# The Walking Dead on AMC



## MzzRach (Nov 14, 2010)

Is anyone watching this?  I have the first 2 episodes saved on my DVR and plan to watch them today.  AMC is really stepping it up with their series.


----------



## MissAlexisDDD (Nov 14, 2010)

Great show! I can't wait for the third ep tonight.

  	I forget his name, but anyone else loving the asian guy? Too funny.


----------



## Camnagem (Nov 14, 2010)

The hubby and I are already addicted to this show, it's AWESOME!  It feels like watching a movie, really well done.

  	I hope you love it Rach!


----------



## fash10nista (Nov 14, 2010)

My hubby got me hooked on this show recently...It has an interesting plot...


----------



## Junkie (Nov 16, 2010)

Loving this show! I started watching it last week!

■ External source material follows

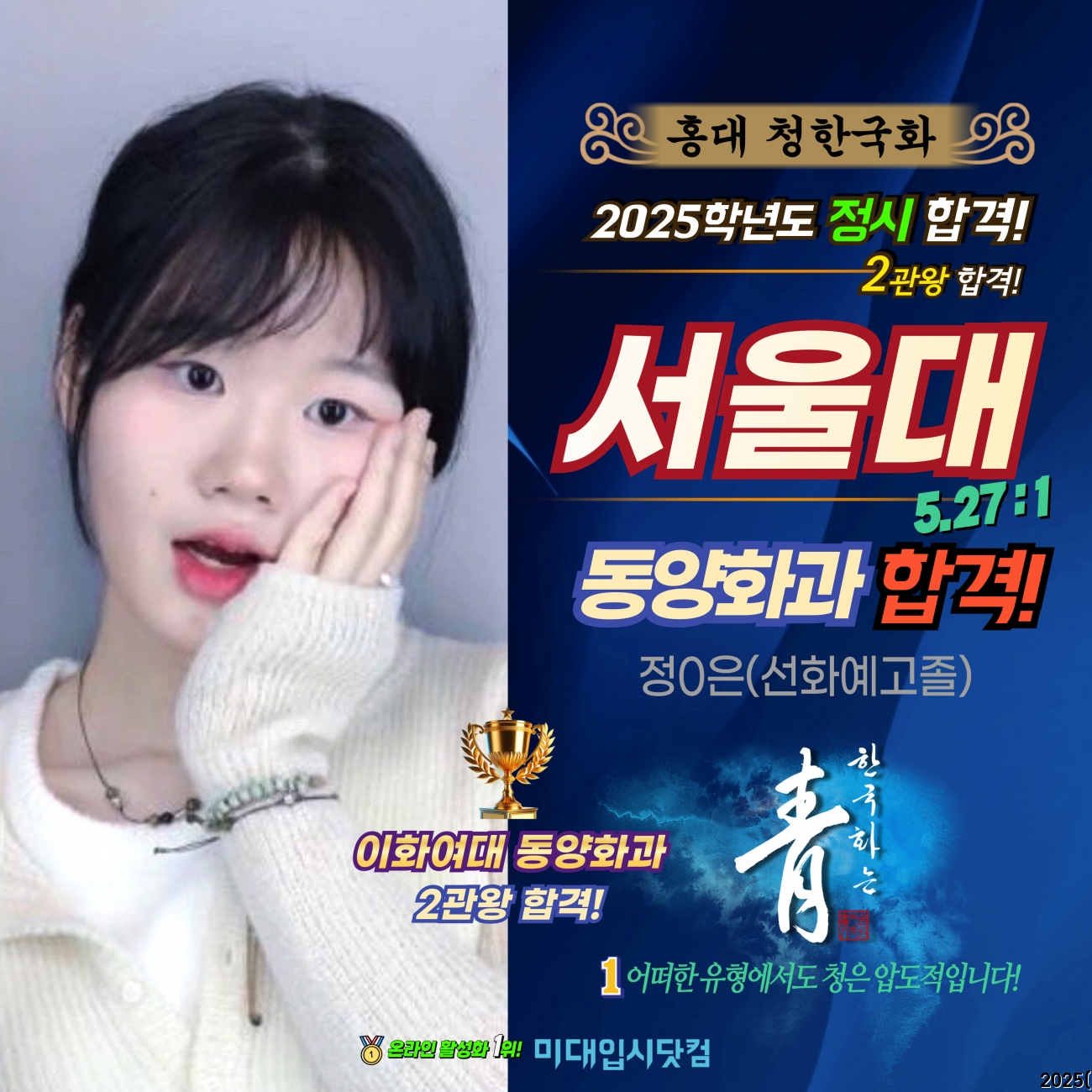 ¹Ì´ëÀԽôåÄÄ Çհݼö±â - 2025Çг⵵(Á¤½Ã) ¼­¿ï´ëÇб³ µ¿¾çÈ­°ú ÇÕ°Ý! Á¤0Àº(¼±È­¿¹°íÁ¹) - È«´ë û ¹Ì¼úÇпø

  	I really wanna know what happened to Meryl....no doubt he's still alive - the door was still chained! He probably got down some other way and is alive somewhere. I wonder if they'll find the bag of ammo gone too?


----------



## MzzRach (Nov 16, 2010)

Loved the first 2 episodes, have the third one saved on my DVR to watch this week.  Apparently, this initial season is only 6 episodes long, but the show just got picked up for a second season with 13 episodes due to the ratings AMC has gotten.  Cool!


----------



## Chikky (Nov 16, 2010)

I love this show. I read the comics when they came out years ago, so I kinda know what's going to happen, but it's been so many years that it's not fresh in my mind so I get to enjoy it all over again! Again, great show.


----------



## LittleMaryJane (Nov 16, 2010)

I wasn't sure if I was going to be into this (zombie overload!!) but I do like it. My boyfriend and I have been watching it... We're gonna watch the third episode today.


----------



## .Ice (Nov 16, 2010)

I'm really enjoying this show! I would really like to know if the guy and his son from the 1st episode are still safe... or if he mustered up the courage to shoot his zombie wife in the head yet.


----------



## MissAlexisDDD (Nov 17, 2010)

Anyone else already can't stand Lauri?


----------



## finchkittie (Dec 3, 2010)

I love this show! I don't watch tv so for me to actually watch something at the same time every week is pretty special.


----------